Assistant professor of health sciences Juliana Cohen is the lead author on a study published in the “Journal of the Academy of Nutrition and Dietetics” on Sept. 11 that indicates many school children don't have enough time to eat lunch.

Amid reports school children aren’t eating their lunches under the updated nutritional guidelines, which has led some observers to call for relaxed standards, Cohen and her co-authors decided to look at potential reasons other than taste.

They looked at 1,001 students in a low-income, urban school district. Cohen was interested in lunch periods because they aren’t regulated by state or federal governments. Lunch times around the state can vary from 15 minutes to an hour.

“We were really curious if that would impact consumption,” she said.

The lunch period has to take into account the time students walk to the cafeteria and stand on the serving line before sitting to eat. “We found in some of these lunch periods kids had just 10 minutes to eat,” Cohen said.

Cohen’s research team was surprised by the students’ eating patterns.

Researchers expected the students would eat their entrees but leave the milk, fruit and vegetables.

It turned out the children picked at a little of everything and usually didn’t finish any of it.

“We need to reframe the debate about updated school meal standards,” Cohen said from her office. “Rather than weaken the healthier standards we need to focus on how do we get the kids to eat these healthier foods. And it appears as though giving students a sufficient amount of time to eat is an important way to do that.”

Cohen spent about 10 years at Harvard as a student, post-doctoral research fellow and research associate before joining Merrimack’s Health Sciences Department for the current semester.
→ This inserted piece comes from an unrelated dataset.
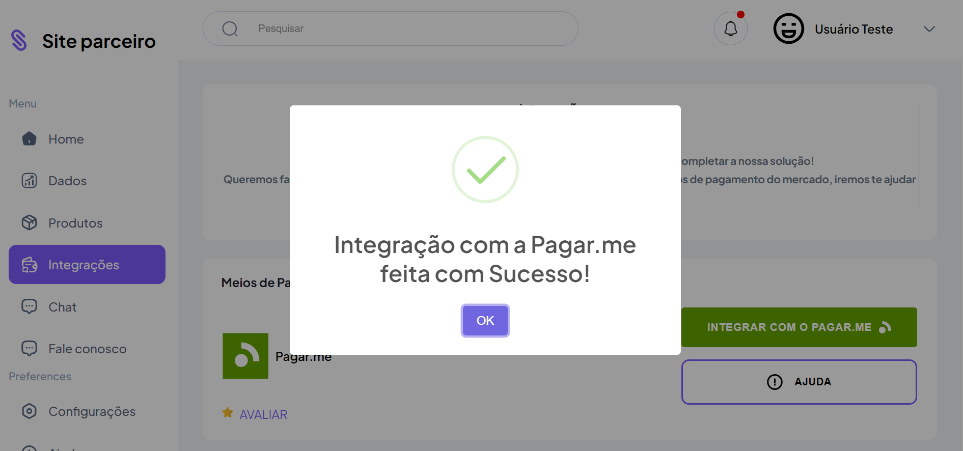 - O fluxo se inicia quando o usuário lojista, após realizar o login na plataforma, clica no botão Integrar com o Pagar.me geralmente implementado em telas como “Configurações” ou “Integrações”.

She is still an adjunct professor at Harvard.

At Merrimack, Cohen is teaching graduate level research methods and undergraduate introduction to epidemiology.
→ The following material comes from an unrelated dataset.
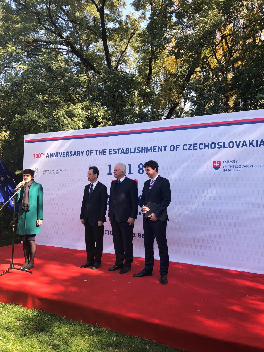 中国外交部副部长王超应邀参加此次活动。捷克共和国外交部副部长卢卡什·考茨基及斯洛伐克共和国驻华大使杜尚·贝拉出席活动并致辞。贝拉大使及考茨基副部长先后就捷克共和国与斯洛伐克共和国百年来的交流发展及中斯、中捷的良好关系作了讲话。贝拉大使及考茨基副部长表示,明年将迎来前捷克斯洛伐克共和国与中华人民共和国建交70周年,斯方与捷方期待在未来继续加强同中方的合作。台下的同学们认真聆听,愈发清晰地认识到其身所肩的历史使命并激荡起庄严的责任感。

She and her co-authors from Harvard University collaborated on the lunch study with Project Bread and Harvard University using a grant from Arbella Insurance during the 2011-2012 school year.

The research team chose to look at low-income urban settings because most students receive government-subsidized lunches that are often the best meal of the day for them, Cohen said. Cohen declined to say which Massachusetts community her team studied.

They went to several elementary and middle schools in the city. The boys and girls ranged from 8.4 years old to 15.6 years old.

“We did multiple days of research,” Cohen said. “There were six non-consecutive days throughout the year.”

In the control group researchers looked at the actual time children have to sit and eat lunch after arriving at the cafeteria and standing in the serving line.

They used plate waste methodology which is considered the gold standard for assessing student diets, Cohen said.

Each serving tray in the control group was numbered and observers recorded each tray that was taken, which foods were selected, and the time each student sat down.

After the students were done eating, the researchers collected the trays.

“Then we weighed every individual food item remaining on the trays,” Cohen said. “From that, we know what they selected, exactly how much they consumed, and how much seated time they had because we recorded what time they left the lunch line.”

In other schools, the study hired a professional chef or used choice architecture to change the lunch line configuration, Cohen said.